A further comment about walking. It definitely depends on 1) Choosing your life style. If you want to shop at Walmart for some things, Costco for others, go to a mall for clothes, Home Depot for housing needs, and generally live a life style that is common north of the border, you are never going to be able to walk every where in Mexico anymore than you can in the US, Canada or Europe or anywhere. However, if you are willing to buy your groceries in a mercado, eating foods that are traditionally available in Mexico, then there is the possibility of freeing yourself from frequent use of cars. 2) The second requirement is giving priority to a car-free, or less-car lifestyle when you choose where to live. If you live in a gated compound miles from anything, you will have to drive everywhere. If you live in an urban center with lots of facilities in close proximity, you can get by without driving everywhere. If you live near the plaza in a small town, you may not need to drive so much, but if you live out in the country, a car will obviously be a necessity.

As a side comment, I find it surprising how people in general, including me, are willing to put up with really unpleasant situations in the name of convenience. Air travel and commuting/driving in stop and go traffic are two of the most flagrant examples to my mind.

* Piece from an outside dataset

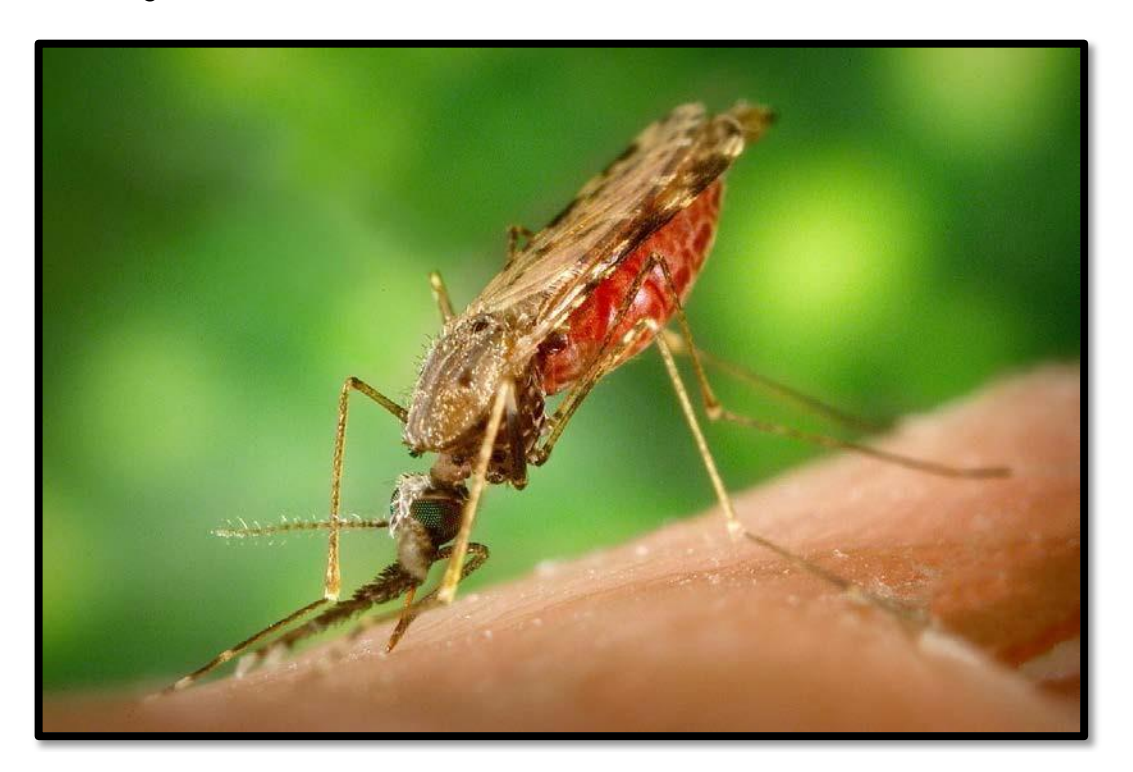
Figure 2: An Anopheles gambiae complex mosquito drawing a blood meal from a human host. Source: Photo Credit: James Gathany Content Providers(s): Centers for Disease Control and Prevention's Public Health Image Library (PHIL), with identification number #7861 .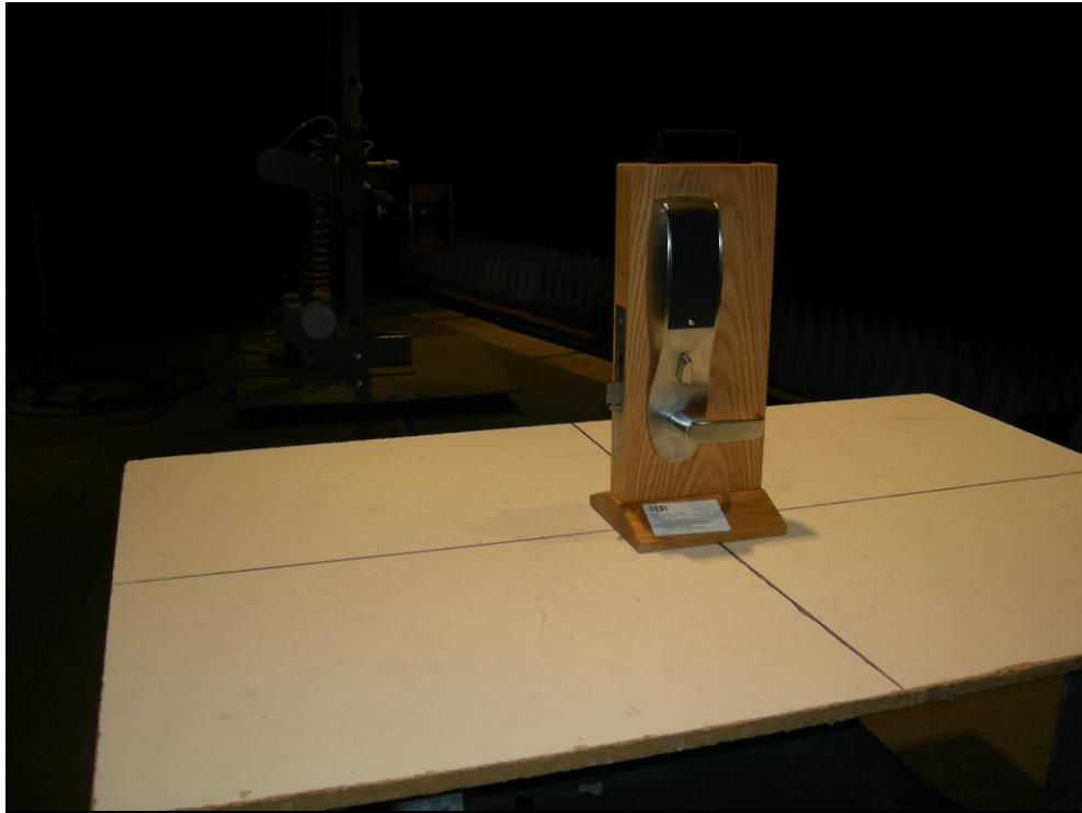
Figure 3: Radiated Emissions – Zigbee

Life today in some aspects is much more unpleasant than it was a few decades ago, but we still call it progress.


----------



## wanghaozhi (Nov 9, 2017)

Thanks, TundraGreen and others. In just a short time, your replies to my posts have helped my wife and me understand the situation more clearly, and going forward we can consider more realistically the salient points to consider about where to live in the Lake Chapala (and really any area in Mexico), and our eyes will be more informed when we are actually walking the streets in Chapala, San Antonio, etc.

On our daily walk yesterday, we discussed views versus convenience. Our walk ends up at a high point on 50th Ave overlooking Mt. Rainier, Lake Washington, and the Cascades. It was particularly beautiful yesterday with the snowy peaks in contrast against the bright blue sky. Our home on busy arterial 25th doesn't have that view, but we don't pine for that view. We enjoy it when we see it. I think we'll do the same at Lake Chapala.


----------



## lagoloo (Apr 12, 2011)

TundraGreen did a good job of describing choices, but many of our choices are limited to what is actually possible, based on chosen location and our physical capabilities. Somewhere between a "NOB lifestyle" and Mexican reality lies what expats work with. Personally, I wouldn't want to be totally limited to grocery and dining within my own walking distance. I like Mexican food, but it's nice to have some variety beyond that. Ironically, Mexican food in California was much better than most of what's available locally. Why? Mystery.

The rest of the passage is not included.